Analysis: The saving provision required pending suits and proceedings to continue under the old Act, but the Court had to have regard to the provisions of the new Act where the later enactment only slightly modified or clarified the earlier law. On comparison, the provision for striking out the tenant's defence under the old Act and the corresponding provision in the new Act were substantially similar, except that the later law replaced a mandatory consequence with a discretionary power. That change was a deliberate modification and therefore had to be applied to pending matters.
Conclusion: The modified discretion under the 1958 Act applied to the pending proceeding.
Issue (ii): whether failure to take that statutory change into account made the proceedings not according to law so as to justify interference in revision.

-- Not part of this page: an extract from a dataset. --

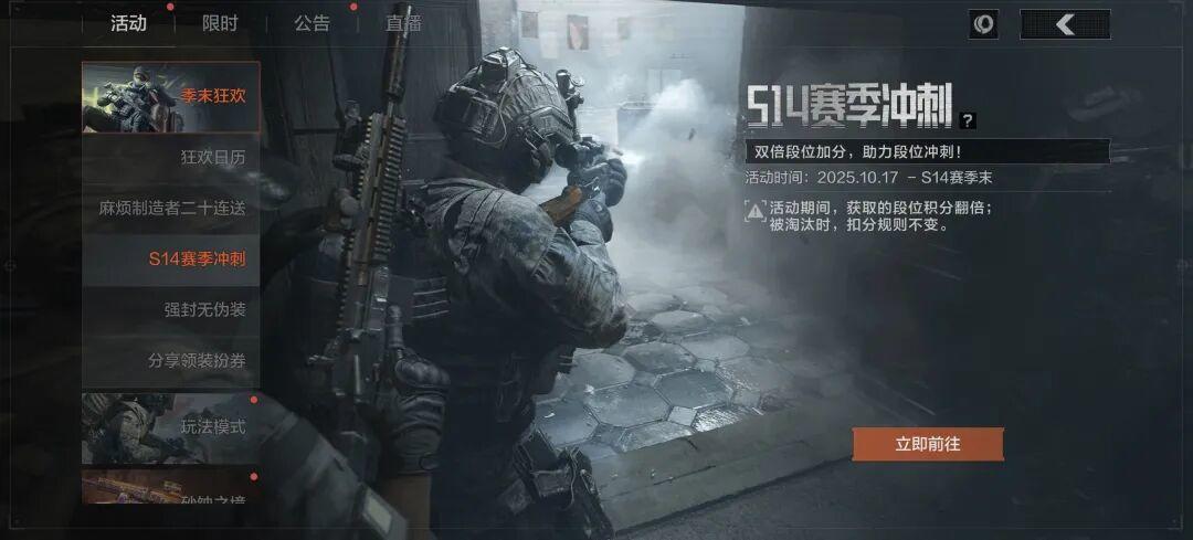 10月17日起,赛季末双倍段位分提前开启!本次季末冲刺活动提前开启,先锋们将有更充足的时间挑战更高段位!

Analysis: Where the law requires the Court to have regard to a statutory provision, omission to do so means that the proceeding is not according to law. The revisional power extends to correcting such legal error. Since neither the trial court nor the appellate court considered the effect of the saving provision and the later discretionary scheme, the High Court ought to have interfered. The tenant's delayed payment was a relevant circumstance that should have been considered in exercising discretion under the new law.
Conclusion: The proceedings were not according to law and the High Court should have set aside the order striking out the defence.
Final Conclusion: The tenant succeeded in revision because the later statutory discretion had to be applied to the pending case, and the failure to do so vitiated the orders below.
Ratio Decidendi: In pending proceedings saved by a repealing-and-saving clause, if the new Act substantially modifies the earlier provision, the court must apply the modification; failure to do so renders the proceeding not according to law and is correctable in revision.